Git vs. Mercurial: Please Relax

Everyone’s up in arms to embrace distributed version control as the new must-have tool for the developer in the know. Though many people have not yet migrated from Subversion, those that have almost invariably extoll the virtues of their particular choice. But though all of the major DVCS’s have features that set them above the previous generation of centralized systems, none stands head-and-shoulders above the others as Subversion does among the last generation: each of them was designed for a specific purpose, and each of them will serve those with different habits, workflows and development styles differently. Having used both git and Mercurial for the better part of a year, I’ve had the opportunity to compare the two. It saddened me to see a Twitter-based debate flamewar erupt over which is better, so I thought I’d do my best to try and ease the tension – with analogies!

Git is MacGyver

 

great man or greatest man?

 

 

Git’s design philosophy is unmistakably that of Unix: unlike Subversion, CVS, or Mercurial, git is not one monolithic binary but a multitude of individual tools, ranging from high-level “porcelain” commands such as git-pull, git-merge, and git-checkout to low-level “plumbing” commands such as git-apply, git-hash-object and git-merge-file. So, like MacGyver, you can do just about anything you need with Git – this includes totally awesome Wiki engines, issue trackers, filesystems, sysadmin tools – everything short of fuse repair:

As such, git is not so much a version control system as it is a tool for building your own version-controlled workflow. For example, when faced with the fact that no git tool performs the equivalent of hg addremove – a useful Mercurial command that adds all untracked files and removes all missing files – I found one line to a script originally written by James Robey:


#!/usr/bin/env bash
# git-addremove
git add .
git ls-files -deleted | xargs git rm

Git’s branching, tagging, merging, and rebasing are near flawless: git’s merging algorithm is close to omniscient, having once merged 12 Linux kernel patches simultaneously. Additionally, git provides you with tools to go back in time and edit your commit history – useful for those of us who have left certain critical elements out of a commit and had to quickly recommit with a helpful message such as “oops”. (And when I say “those of us”, I mean “every developer, ever”.) Personally, I elect to only use this feature to edit my last commit (using git commit --amend); I have never needed or wanted to meddle further with the past. git is also extremely fast thanks to its C codebase.

There is no better emblem of git’s flexibility than GitHub. GitHub’s rise to success has been positively meteoric, and with good reason. It’s a brilliantly-designed site that serves as more than a pretty, browsable frontend to my source tree in that it brings a social aspect to programming – using Git, I can fork anyone’s project, make my changes, petition for them to be included in the main repository, and pull other people’s changes to mine. Though it took a while for me to adjust to the anarchic notion of every user having their own equally-valid fork of a project – shouldn’t there be one definitive version of a project? – I realized its potential when working with other contributors to Nu. Add the fact that GitHub is one of the most solid and reliable services I’ve ever used, and you’ve got what very well might be the deal-breaker in the fight for DVCS dominance.

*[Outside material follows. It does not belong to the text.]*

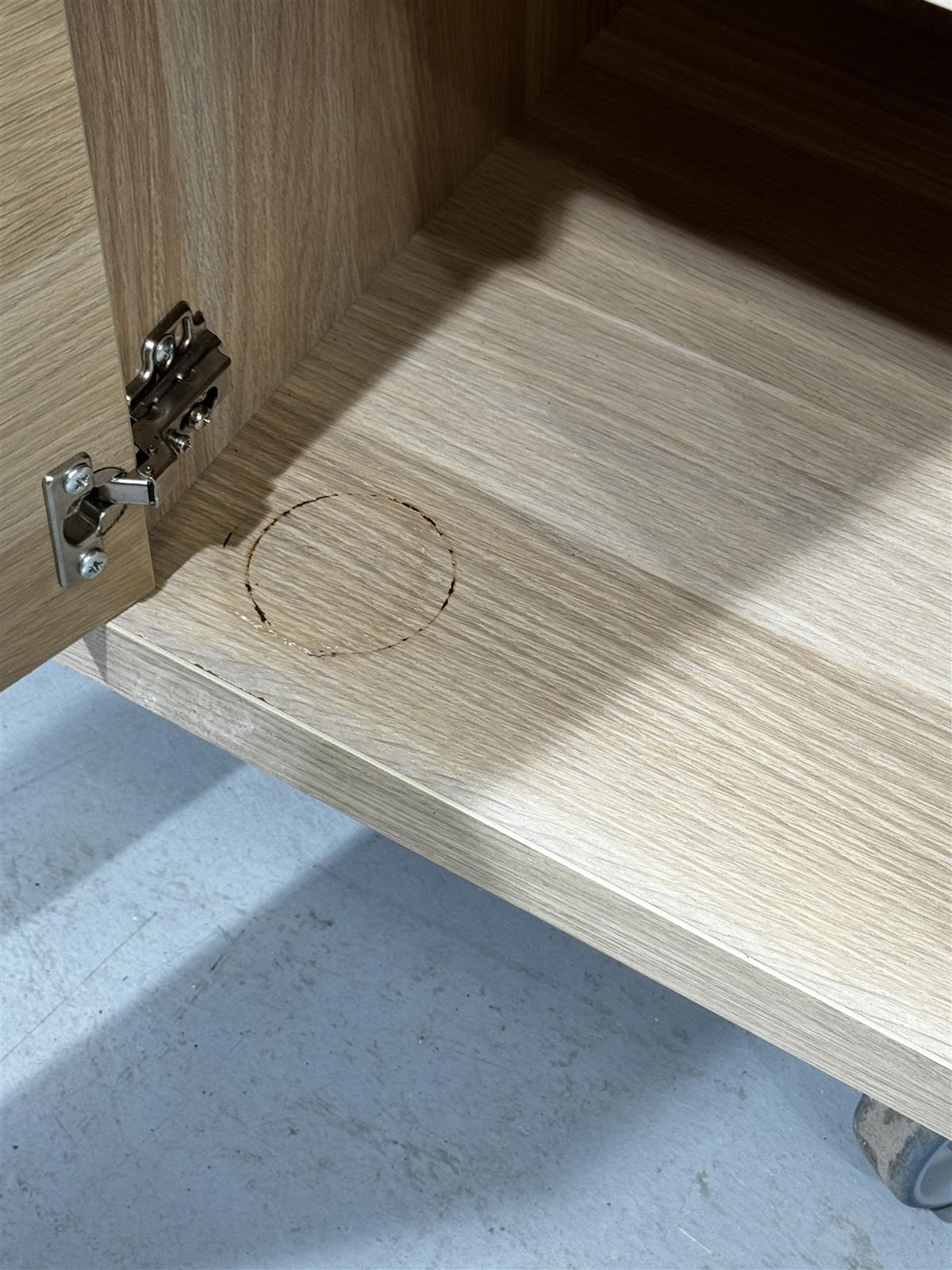 Hyllykössä on havaittavissa pieniä käytön jälkiä, mutta se on muuten hyvässä kunnossa.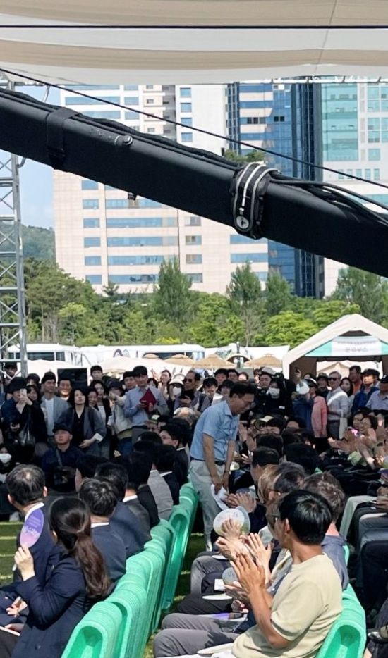 오세훈 시장 22일 오후 보라매공원에서 열린 '2025서울국제정원박람회' 개회식에서 1년간 준비를 하면서 고생한 이수연 정원도시국장 일으켜세워 인사시켜 박수 받아

On the other hand, migrating from Subversion/CVS to git requires a lot of work. Linus has made it clear that he disagrees with the fundamental ideas behind Subversion/CVS, referring to SVN as “the most pointless project ever started”. As such, the git project has consciously made no effort to make the migration to git easy: the revert command in Subversion resets your current working copy to the last commit, but in git undoes a supplied patch and commits the changes needed to remove that patch. (The equivalent command for svn revert in git is git reset --hard HEAD^.) Whining about this on the git mailing list is a little like this:

Get it? No? Too bad.

Get it? No? Too bad.

Apparently the choices that Linus et. al made when designing git are sensible – if, of course, you understand the internal structure of git and how it stores your data. I’m afraid I’m only halfway through PeepCode’s great Git Internals, so I can’t comment on whether that statement is true. But I have to admit that if I had to read a $9, 100-page PDF to learn every new tool I downloaded, I would have no time and no money.

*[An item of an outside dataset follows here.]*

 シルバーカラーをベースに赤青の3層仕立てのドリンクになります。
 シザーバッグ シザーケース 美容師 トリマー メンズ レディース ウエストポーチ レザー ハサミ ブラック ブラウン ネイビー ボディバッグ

This brings us to another of git’s faults: its documentation is terrible. Man pages are no longer a sufficient replacement for a good, well-updated wiki or reference work; git’s wiki still has a long, long way to go. Add in the fact that since, like many OS X users, I installed git through MacPorts, only the main git tool comes with a man page, leaving me to consult the Web to find out exactly how to format revision specifiers. I’ve observed that developers that were able to learn git from colleagues already familiar with git and its internals tend to have a higher opinion of it, in contrast to people such as myself that had to waste a lot of time digging around through Google and the man pages.

However, considering the fact that git is supposed to be a platform, one would suppose that it would have clear, bridgable functions to reuse in your own C projects and bridge to other languages. One would be completely wrong – libgit.a is a joke, and the Ruby git gem (and my own vastly-inferior Nu/Git bindings) depend on running shell commands and parsing the output, which really gets quite tiresome after a while. The fact that console output may differ from platform to platform and any new feature may change the format of console output makes me very reluctant to commit to maintaining my Nu/Git bridge. (I swear, that’s the reason. It’s not because I’m lazy.)

In conclusion, Git is perfect for command-line wizards, people with large teams and complicated projects, and those who need their DVCS to be endlessly configurable. Certain developers have a workflow which, when interrupted, causes much grief and lamentation – if that description fits you, then git is almost certainly what you want, because it can be molded to fit the most esoteric workflow. Solo developers and those accustomed to working with centralized VCS’s may find git to be hostile, unfriendly and needlessly complex. When I work on a large project with many committers, I prefer git and GitHub.

Mercurial is James Bond


mercurial |mərˌkyoŏrēəl|
adjective
1) Subject to sudden or unpredictable changes of mood or mind: his mercurial temperament.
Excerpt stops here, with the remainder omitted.